Even earlier than you’re used to. Walk through the dark to your first cup of coffee. Put your phone in your pocket and keep in there. Hold your cup until your hands thaw, until that feeling moves past your finger tips and onto the rest of you. Keep your head up and follow the traffic lights that trace the streets and line your way. Cry if you need to. It might feel nice to cry into the emptiness.

2. Read in the morning.

Read before bed. Read until your mind is overflowing with someone else’s story, until your blinks become heavy, until your eyelids give up. Make marks on the pages that matter to you. Take the sentences that stick, tuck the rest away. Copy and paste the words to the places you need them, like the top of your nightstand or the back of your bedroom door. Use tape and keep them close and for as long as feels right.

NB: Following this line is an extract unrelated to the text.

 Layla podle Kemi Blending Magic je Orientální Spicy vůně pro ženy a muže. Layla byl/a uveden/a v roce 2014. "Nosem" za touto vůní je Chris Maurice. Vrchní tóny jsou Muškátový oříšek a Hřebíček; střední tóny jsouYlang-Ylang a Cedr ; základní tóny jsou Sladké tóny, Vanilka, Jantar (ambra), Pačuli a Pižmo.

3. Take a new way there, take a new way home, take very little with you.

Leave without knowing exactly where you’re going. Remember what it feels like to be light. Get caught without an umbrella, get lost for an hour. Keep going in whichever direction you’d like. Look down and watch what your steps do to the snow. Look at the marks they make and try to memorize them. Let this memory take the place of ones you’d like to abandon. Wait there until the old ones fall and melt away like flakes. Look up at the street signs, pick out your favorite one. Maybe it’s Mott or Essex or Varick. Make a note and use the name for something else, for something later.

4. Run on a day when you don’t feel like it.

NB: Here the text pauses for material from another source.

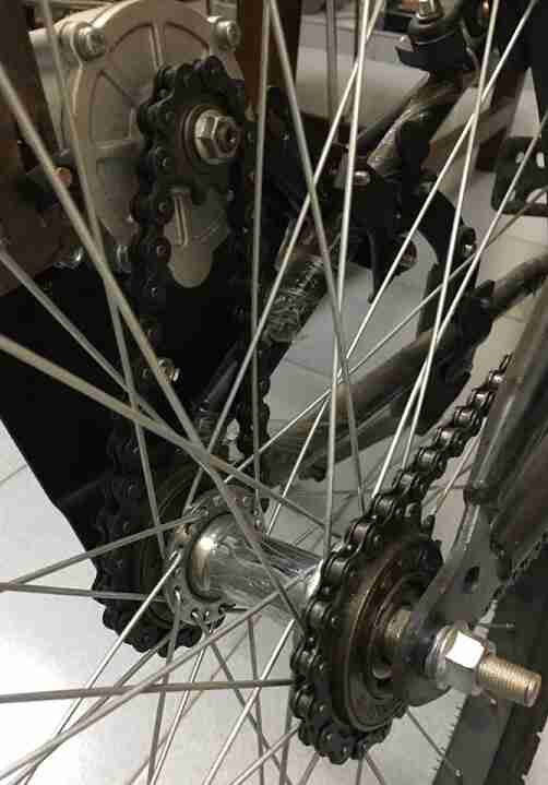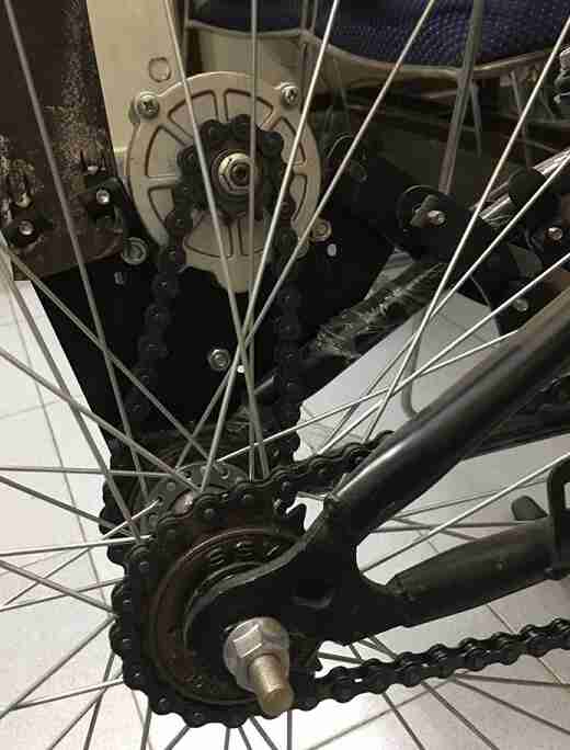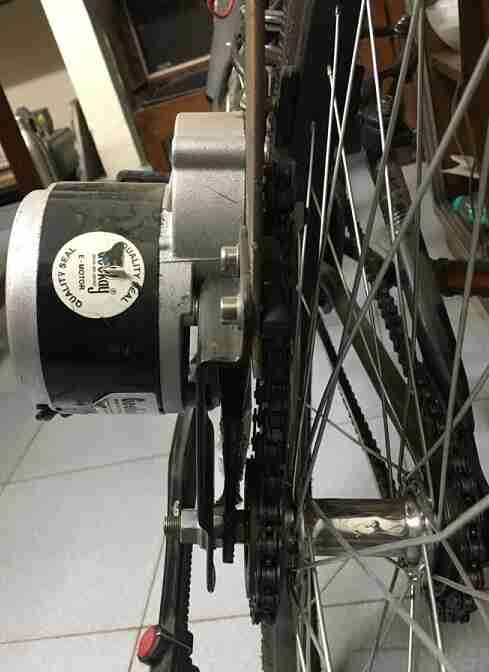 The next few images show different views of how the motor was mounted on the bike and the bike sprocket was connected to the hub of the bike.

Go anyways. Tie your shoes, leave for longer than you had planned. You might need to wrap yourself in two or three layers, you might see your breath once you start to move. Climb the stairs by the water, run through the narrow park that sits above the city. Sprint past the families and the photo ops. Let your face fill with color. Listen to your heart’s beat and match your steps to the song it forms. Let this rhythm mix with the wind, let this change your tune. And let it take the place of your worn out melody.  

5. Write down as many thoughts as you can.

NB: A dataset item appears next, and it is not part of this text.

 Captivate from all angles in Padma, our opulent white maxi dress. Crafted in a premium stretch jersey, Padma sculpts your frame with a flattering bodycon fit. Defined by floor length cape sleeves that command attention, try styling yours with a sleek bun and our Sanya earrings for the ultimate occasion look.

Use a pen and paper. Maybe it’s a few or maybe it’s many. The amount is not important. Rip out the pages you fill and fold them up until they’re small enough to fit in the palm of your hand. Keep them hidden or throw them away and start again. Read them out loud, read them slowly and to yourself. Listen to your voice, listen to it when it’s the only sound in the room. Notice the difference when there’s no one there to receive it. Love it for the sound it makes, love it for what it is, love it for what it can be.